Job Description & Details
Azure Data Engineer role focused on AI‑enabled data pipelines for a healthcare client. You’ll be the go‑to person for moving massive clinical and pharmacy datasets through Azure and Databricks, and you’ll get to sprinkle LLM‑type AI features on top. It’s a senior hands‑on gig that expects you to hit the ground running with minimal onboarding.
What You'll Actually Be Doing
You’ll design and maintain ingestion pipelines that pull data from disparate health‑system sources (EHRs, pharmacy claims, 340B data) into Azure Data Lake and then transform it in Databricks for downstream analytics. Expect to work directly with VP‑level stakeholders to translate business questions into data models, and you’ll be responsible for performance‑tuning Spark jobs, handling schema evolution, and ensuring compliance with healthcare data regulations. Occasionally you’ll prototype simple LLM integrations—think summarizing clinical notes or generating dosage recommendations—without needing deep research‑level AI expertise.
The Core Tech Stack
The non‑negotiables are Azure (Data Factory, Synapse, ADLS) and Databricks (Spark, Delta Lake). You must be comfortable writing scalable PySpark/Scala jobs, orchestrating pipelines with Azure Data Factory, and modeling large, PHI‑laden datasets. Healthcare domain knowledge (especially 340B pharmacy workflows) is a huge plus because the data shapes are quirky and compliance‑heavy. A dabble in LLM APIs (Azure OpenAI, Hugging Face) is useful but not a make‑or‑break skill.
Interview Expectations
- “Walk me through how you would design a scalable ingestion pipeline for 100TB of pharmacy claim data that must be GDPR/HIPAA compliant.” They’re probing your ability to pick the right Azure services, partition strategy, encryption at rest/in‑flight, and how you’d validate data quality.

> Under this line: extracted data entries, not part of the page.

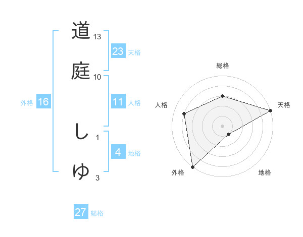 道庭 しゆさんの総格は27画の3点!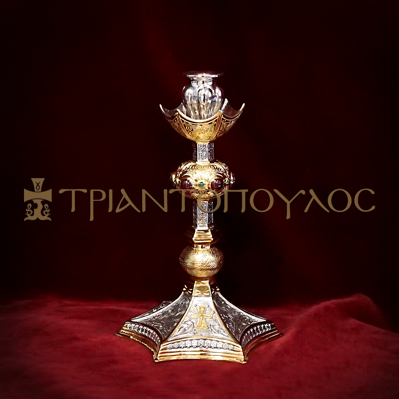 Silver gilded ornate candle stick with semi precious stones, gold decoration K24. Height: 23cm, base diameter: 13.50cm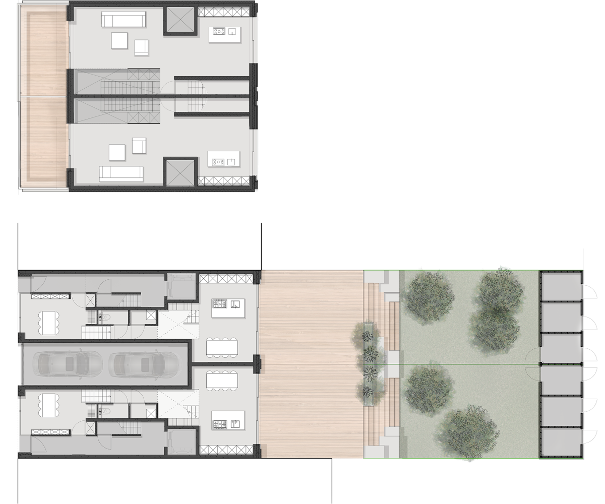 Each of the six dwellings follows a split-level typology, establishing fluid spatial connections and rich visual relationships between different living areas. This vertical layering creates a dynamic sense of movement within the home — where subtle shifts in height define zones without the need for solid partitions. The front spaces are oriented towards the street, encouraging interaction with the public realm and connecting daily life to the rhythm of the neighborhood, while the rear of each dwelling gradually rises to a more secluded garden level that offers privacy and calm.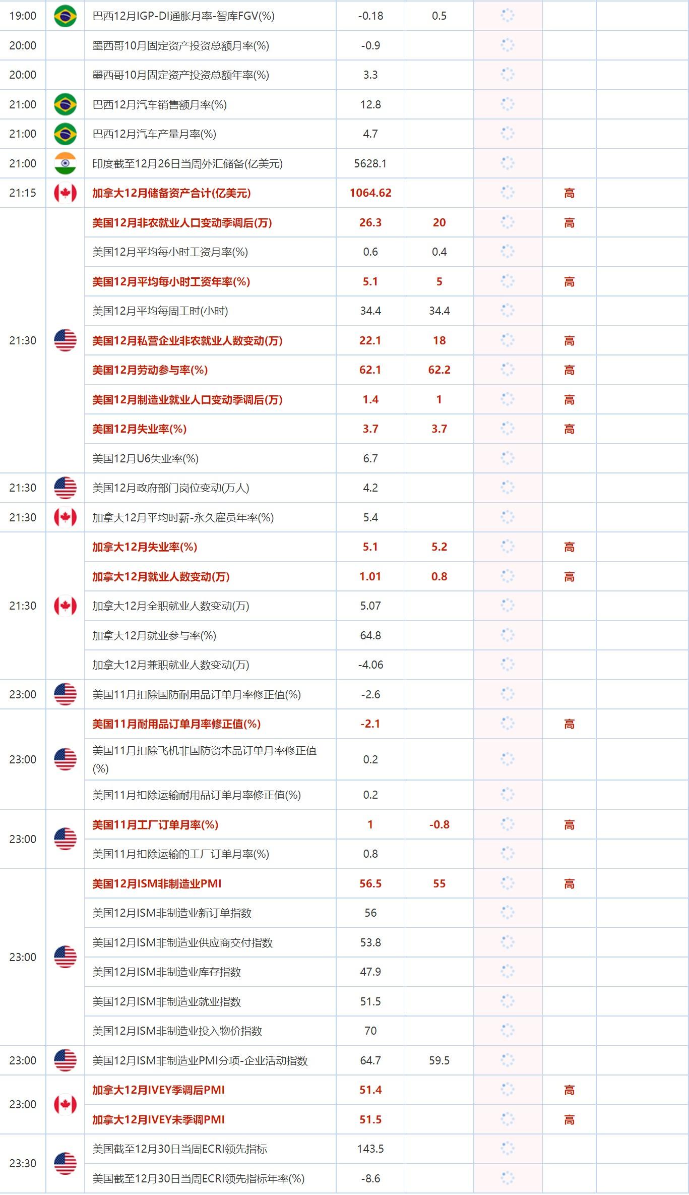 23:00 美国12月ISM非制造业PMI , 前值 56.5 , 预期值 55 , 公布值:待发布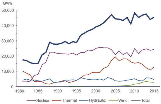 The increase in energy consumption caused by the urbanization process in Catalonia can be seen in the graph below (Figure 4) [21]. It shows the evolution of electricity consumption by type of energy source between 1981 and 2015. Only 22% of the total electricity consumed came from renewable sources.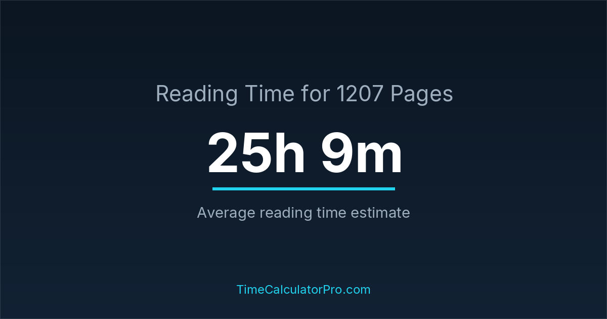 Reading 1207 pages takes about 25 hours and 9 minutes.

- “Explain the trade‑offs between using Delta Lake’s Z‑order vs. traditional partitioning for query performance on a mixed‑type clinical dataset.” They want to see if you understand Delta optimizations and can justify choices based on query patterns and storage cost.
Application Advice
Tailor your resume to scream “Azure Data Engineer + Healthcare” – put Azure Data Factory, Databricks, Spark, and Delta Lake right up top. Highlight any 340B or pharmacy‑related projects; even a short stint with claims data will get you noticed. Sprinkle in “LLM integration”, “AI‑enabled pipelines”, and “VP stakeholder communication” to match the soft‑skill cues. Keep the experience bullet concise: 12+ years building end‑to‑end data solutions in Azure for regulated health domains – that exact phrase will help you pass the ATS.